Development
Governance/Geopolitics
Service and Sacrifice: Mongolia continues to strengthen its contribution to UN peacekeeping

Just Earth News | @JustEarthNews | 10 Mar 2018

Service and Sacrifice: Mongolia continues to strengthen its contribution to UN peacekeeping

Martine Perret

New York: Mongolia first joined United Nations peacekeeping in 2002 with the deployment of two unarmed military observers to the UN Mission for the Referendum in Western Sahara.  Soon after that, it sent two more officers to the UN Mission in the Democratic Republic of the Congo.  Since then, Mongolia has continued to expand its contributions to UN peace operations in hot spots around the world.

In 2006, Mongolia made its first sizeable contribution to UN peacekeeping when it deployed 250 military personnel to the UN Mission in Liberia, a West African country that was recovering from a violent civil war.  Six years later, Mongolia undertook it largest deployment to date when it sent a full battalion of 850 troops to the UN Mission in South Sudan, where they continue to play an important role in protecting civilians.

Throughout its decade-and-a-half history in UN peacekeeping, Mongolian contributions to UN peacekeeping have been notable for their high standards of training and for the high number of women they deploy.

Mongolia has risen to become the 27th largest contributor to UN peacekeeping, with nearly 900 military and police personnel deployed in five operations. But they have not forgotten their first mission--they continue to send a handful of military observers to Western Sahara.

Peacekeeping is a dangerous business. UN personnel can sustain injuries in the line of duty, the workplace or in vehicular accidents, and harsh conditions and disease can also take its toll. Peacekeeping operations deploy medical contingents contributed by Member States to ensure that UN personnel – troops, police and civilians – receive the best medical care possible.

In Kabkabiya in the Darfur region of Sudan, Mongolia has for several years provided a Level Two Hospital to address this need. The unit consists of 68 personnel, 34 men and 34 women, and is responsible for providing UN personnel with health care, emergency resuscitation and stabilization, life and limb-saving surgical interventions, basic dental care and facilitation of casualty evacuation for more severe cases.  It also administered vaccinations and other prophylaxis measures.  In addition to serving UN staff, the Mongolian hospital unit treated more than 10,000 people from the local communities.

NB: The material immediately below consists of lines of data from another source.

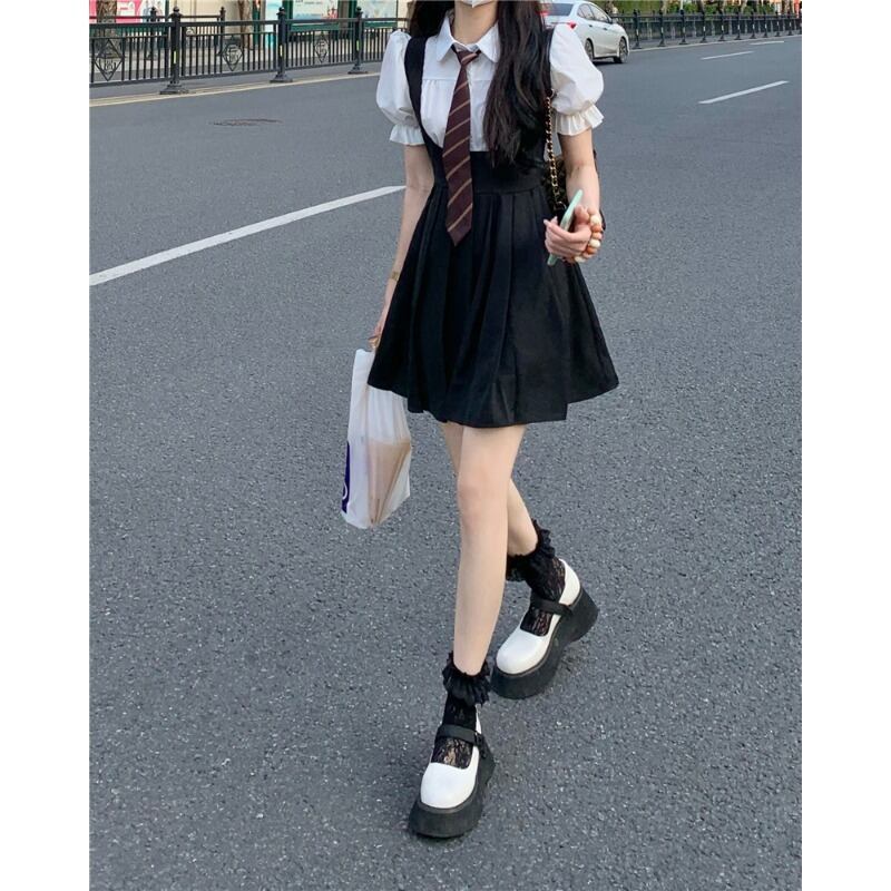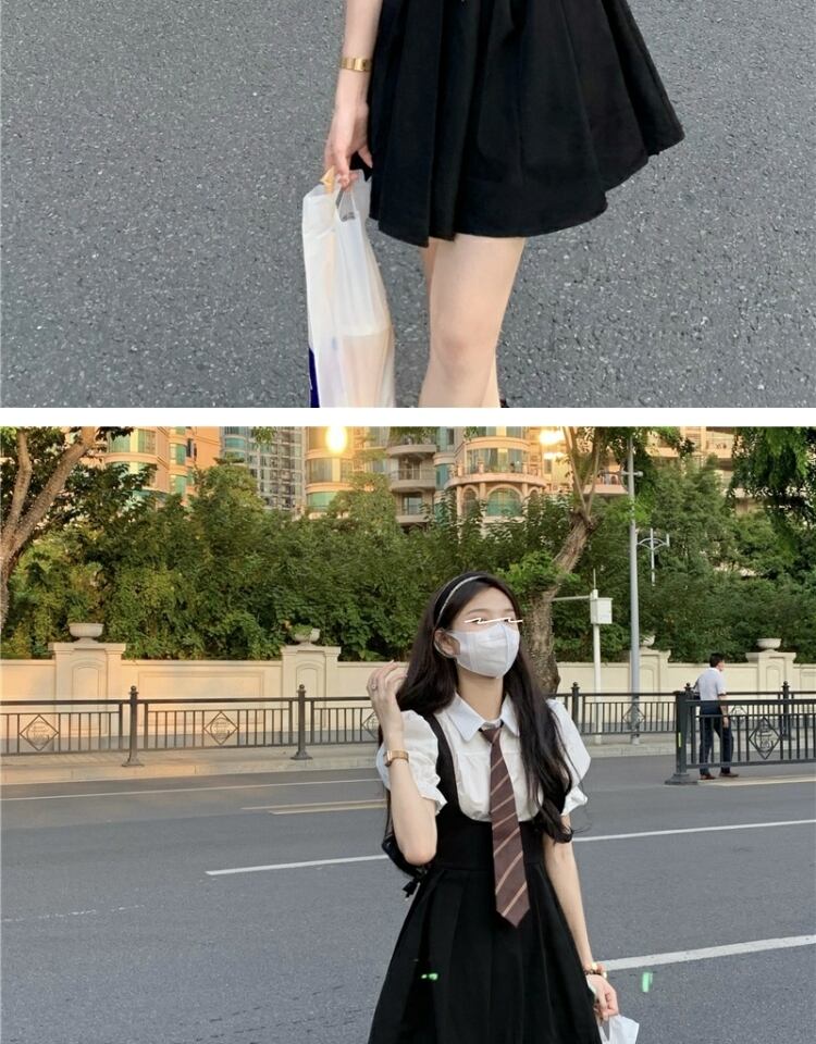ブラックスカート ドレス サマープリーツ薄手ウェスト 大人ガーリー スウィート キュート カジュアル 夏物 萌量不足92687533460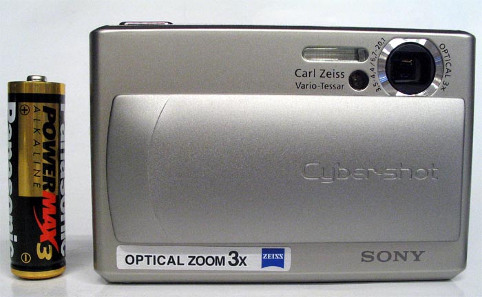 Z naší čtveřice popisovaných fotoaparátů je jedná o nejhůře zařaditelný přístroj. Elegantní design se zde snoubí s miniaturizací, jež je pro značku Sony vcelku vlastní. Na svoje udávané pidi-rozměry 91x21x60mm (hmotnost vč. AKU je 180g) nabízí velmi dobrou výbavu - vysoké rozlišení CCD 5,1MPx, 3násobný optický ZOOM (6,7-20,1), skvělý displej a docela precizní MPEG-video. Logo na optice Carl-Zeiss by mělo být vedle pověsti vůdce světového Know-How elektroniky Sony předpokladem dostatečné kvality k pořizování pěkných snímků i náhražkového (?) videa VGA 640x480 - a to snad i nadstandardní pro tuto mini-kategorii. V útrobách elegantního přístroje je uložen malý CCD snímač s úhlopříčkou 1/2,4", už zmíněným vysokým rozlišením 5milionů bodů a maximální DF 2.592x1.944 bodů, což se mimo jiné čtenář dozví i zde…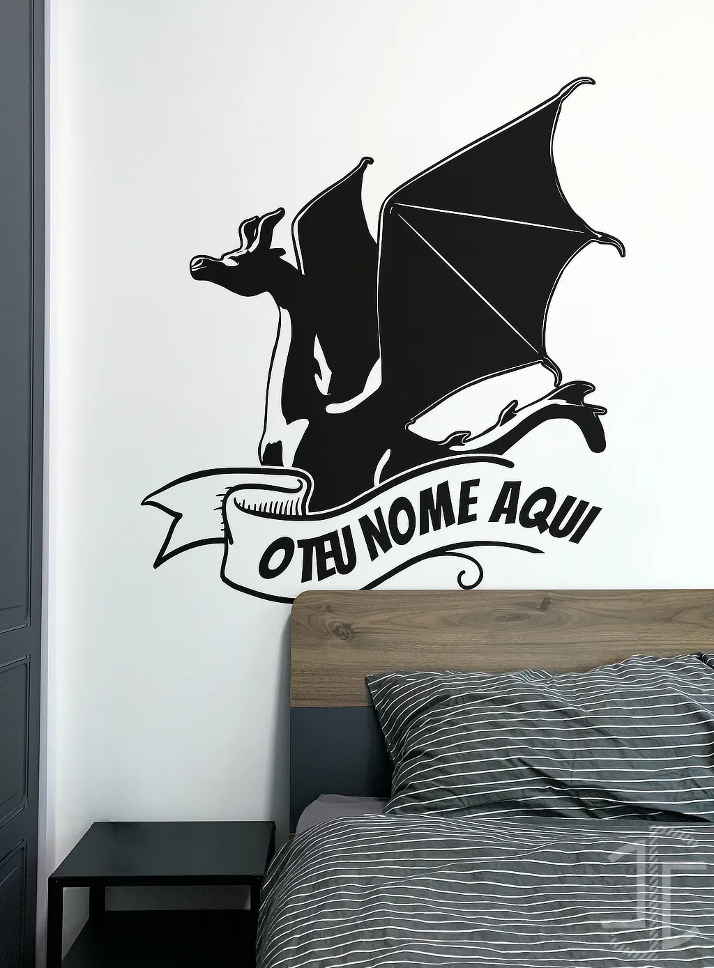 A silhueta do dragão, feita em preto por defeito, evoca força, mistério e uma certa solenidade mitológica. Não é um animal decorativo, é um símbolo. E a faixa abaixo funciona como espaço de expressão — seja para uma citação, um nome próprio, uma provocação ou uma dedicatória. A imagem de apresentação mostra-o aplicado numa parede acima de uma cabeceira, mas a natureza vectorial do design permite adaptações a outras superfícies limpas e lisas, como portas, móveis ou até veículos.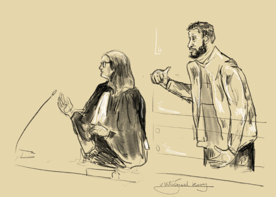 Ce dessin de Janne van Woensel Kooy montre l’accusé Salah Abdeslam et son avocate Delphine Paci lors d’une séance du procès des attentats du 22 mars 2016, à la cour d’assises de Bruxelles-Capitale, mercredi 18 janvier 2023.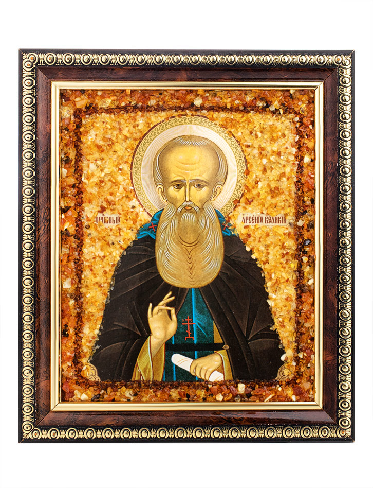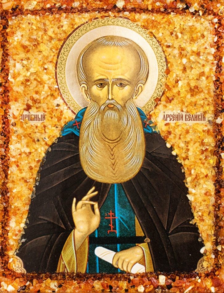 Именная икона, украшенная натуральным янтарём «Преподобный Арсений Великий»

Since 2003, more than 14,000 Mongolian peacekeepers have served in UN missions around the world. Today, Mongolia deploys nearly 900 peacekeepers to five UN peacekeeping operations – in South Sudan, Abyei, Darfur, the Democratic Republic of the Congo and Western Sahara.  The Mongolian contribution consists of troops, police and unarmed military observers.

A key task of the UN Mission for the Referendum in Western Sahara (MINURSO) is monitoring the ceasefire observed by the parties since September 1991 – carried out by some 200 military observers. Seen here, a Mongolian military observer serving with MINURSO, together with colleagues from Ghana, France and Bangladesh, check a map while carrying out an observation patrol in the vast area in Smara.

In recent years, the people of South Sudan have simultaneously endured civil war and high levels of food insecurity. Among their tasks, Mongolian peacekeepers provide security as the UN World Food Programme (WFP) drops much-needed food in Bentiu, South Sudan.  Their responsibilities also include protecting civilians, securing UN bases, carrying out patrols, escorting convoys, supporting search operations carried out by UN Police, as well as protecting fellow peacekeepers as they carry out road maintenance and demining operations.

In May 2017, more than 850 Mongolian peacekeepers were awarded the United Nations Medal for their commitment and service to the UN and the people of South Sudan during a ceremony in Bentiu.  In awarding the medals, the Head of the UN Mission in South Sudan (UNMISS), David Shearer, praised the Mongolian troops for their “robust, calm and appropriate” approach to peacekeeping. He said the courage and determination they had shown set a high standard for all peacekeeping forces to emulate.

“The Mongolian peacekeepers have led the way in terms of robustness which is an approach that we would like to see more of in our peacekeeping efforts in South Sudan,” Shearer added.

Ensuring justice is a key element of the work of the United Nations, including its peacekeeping operations.  The Special Court for Sierra Leone was set up by the Government and the UN to "prosecute persons who bear the greatest responsibility for serious violations of international humanitarian law and Sierra Leonean law" during the country’s civil war (1991-2002).

When the UN peacekeeping mission in Sierra Leone closed, the Security Council mandated the UN mission in neighbouring Liberia (UNMIL) to provide security to the detainees and the Court. Mongolia accepted the responsibility and deployed its personnel in early 2006.  The well-trained and equipped Mongolian Guard Unit performed to the highest standards and completed its mission years ago.